### [What this task involves]
Write the data out again exactly, with no pictures.

(Information shown Opens)

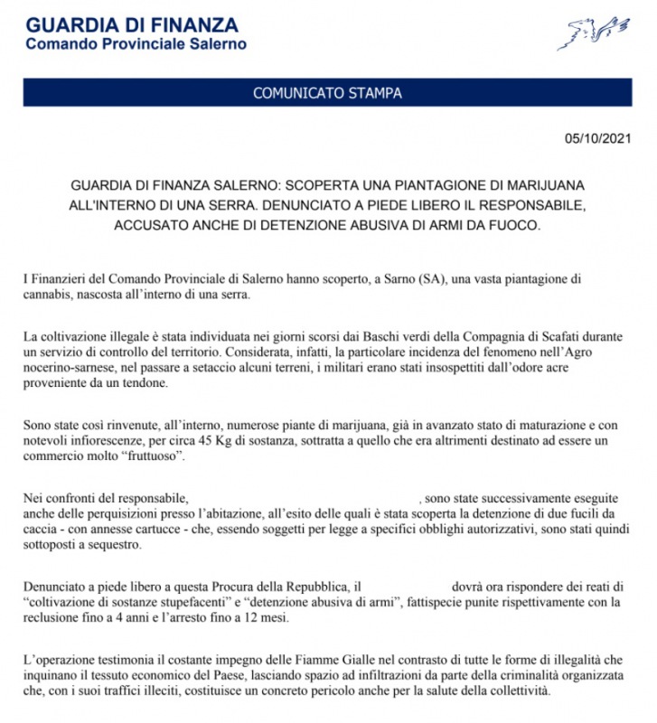 "I Finanzieri del Comando Provinciale di Salerno hanno scoperto, a Sarno (SA), una vasta piantagione di cannabis, nascosta all’interno di una serra. La coltivazione illegale è stata individuata nei giorni scorsi dai Baschi verdi della Compagnia di Scafati durante un servizio di controllo del territorio. Considerata, infatti, la particolare incidenza del fenomeno nell’Agro nocerino-sarnese, nel passare a setaccio alcuni terreni, i militari erano stati insospettiti dall’odore acre proveniente da un tendone. -Si legge nella nota- Sono state così rinvenute, all’interno, numerose piante di marijuana, già in avanzato stato di maturazione e con notevoli infiorescenze, per circa 45 Kg di sostanza, sottratta a quello che era altrimenti destinato ad essere un commercio molto “fruttuoso”. Nei confronti del responsabile, ... , sono state successivamente eseguite anche delle perquisizioni presso l’abitazione, all’esito delle quali è stata scoperta la detenzione di due fucili da caccia - con annesse cartucce - che, essendo soggetti per legge a specifici obblighi autorizzativi, sono stati quindi sottoposti a sequestro. -Si legge nella nota- Denunciato a piede libero a questa Procura della Repubblica, il ... dovrà ora rispondere dei reati di “coltivazione di sostanze stupefacenti” e “detenzione abusiva di armi”, fattispecie punite rispettivamente con la reclusione fino a 4 anni e l’arresto fino a 12 mesi. L’operazione testimonia il costante impegno delle Fiamme Gialle nel contrasto di tutte le forme di illegalità che inquinano il tessuto economico del Paese, lasciando spazio ad infiltrazioni da parte della criminalità organizzata che, con i suoi traffici illeciti, costituisce un concreto pericolo anche per la salute della collettività."
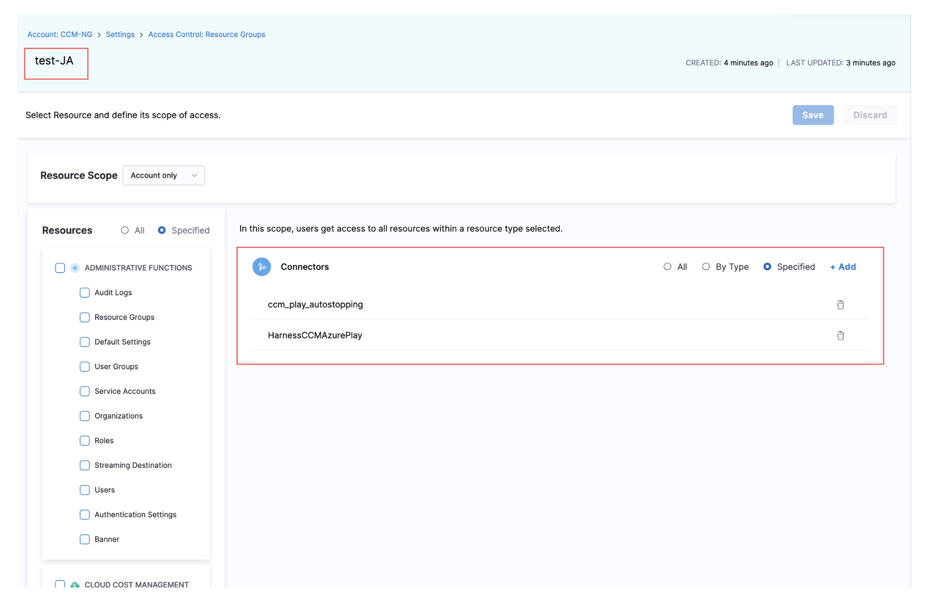 Connectors are shared resources in the Harness account, meaning multiple users can use them. Since they are shared, they appear in the Shared Resources section when creating a Resource Group (RG) in the ACL (Access Control List) module. Admins can create Resource Groups (RGs) for connectors by selecting the relevant connectors.
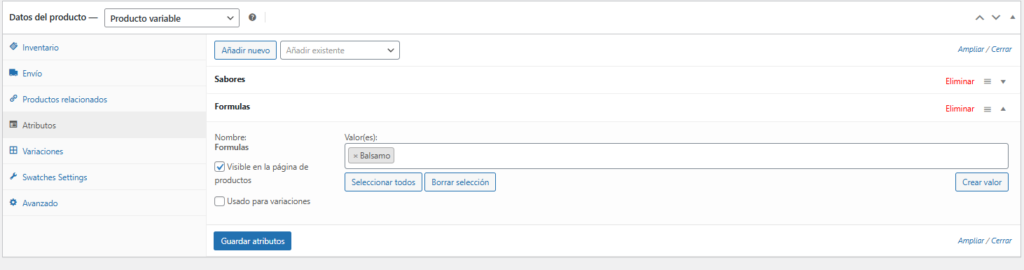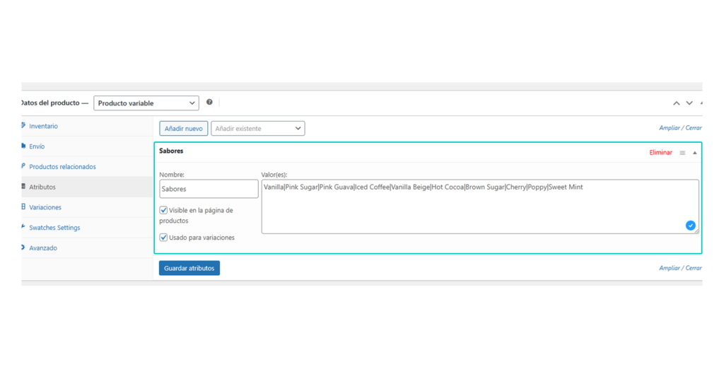 2. Nos dirigiremos a la sección de Atributos para dar clic en añadir nuevo y comenzamos dándole el nombre al grupo de opciones del producto: Ejemplo aquí Sabores. Y una vez establecido el nombre hay que agregar en la sección de Valores todas las opciones separadas por una barra vertical |

(Information shown Closes)

### [Answer to this task]
 "I Finanzieri del Comando Provinciale di Salerno hanno scoperto, a Sarno (SA), una vasta piantagione di cannabis, nascosta all’interno di una serra. La coltivazione illegale è stata individuata nei giorni scorsi dai Baschi verdi della Compagnia di Scafati durante un servizio di controllo del territorio. Considerata, infatti, la particolare incidenza del fenomeno nell’Agro nocerino-sarnese, nel passare a setaccio alcuni terreni, i militari erano stati insospettiti dall’odore acre proveniente da un tendone. -Si legge nella nota- Sono state così rinvenute, all’interno, numerose piante di marijuana, già in avanzato stato di maturazione e con notevoli infiorescenze, per circa 45 Kg di sostanza, sottratta a quello che era altrimenti destinato ad essere un commercio molto “fruttuoso”. Nei confronti del responsabile, ... , sono state successivamente eseguite anche delle perquisizioni presso l’abitazione, all’esito delle quali è stata scoperta la detenzione di due fucili da caccia - con annesse cartucce - che, essendo soggetti per legge a specifici obblighi autorizzativi, sono stati quindi sottoposti a sequestro. -Si legge nella nota- Denunciato a piede libero a questa Procura della Repubblica, il ... dovrà ora rispondere dei reati di “coltivazione di sostanze stupefacenti” e “detenzione abusiva di armi”, fattispecie punite rispettivamente con la reclusione fino a 4 anni e l’arresto fino a 12 mesi. L’operazione testimonia il costante impegno delle Fiamme Gialle nel contrasto di tutte le forme di illegalità che inquinano il tessuto economico del Paese, lasciando spazio ad infiltrazioni da parte della criminalità organizzata che, con i suoi traffici illeciti, costituisce un concreto pericolo anche per la salute della collettività."
 Connectors are shared resources in the Harness account, meaning multiple users can use them. Since they are shared, they appear in the Shared Resources section when creating a Resource Group (RG) in the ACL (Access Control List) module. Admins can create Resource Groups (RGs) for connectors by selecting the relevant connectors.
 2. Nos dirigiremos a la sección de Atributos para dar clic en añadir nuevo y comenzamos dándole el nombre al grupo de opciones del producto: Ejemplo aquí Sabores. Y una vez establecido el nombre hay que agregar en la sección de Valores todas las opciones separadas por una barra vertical |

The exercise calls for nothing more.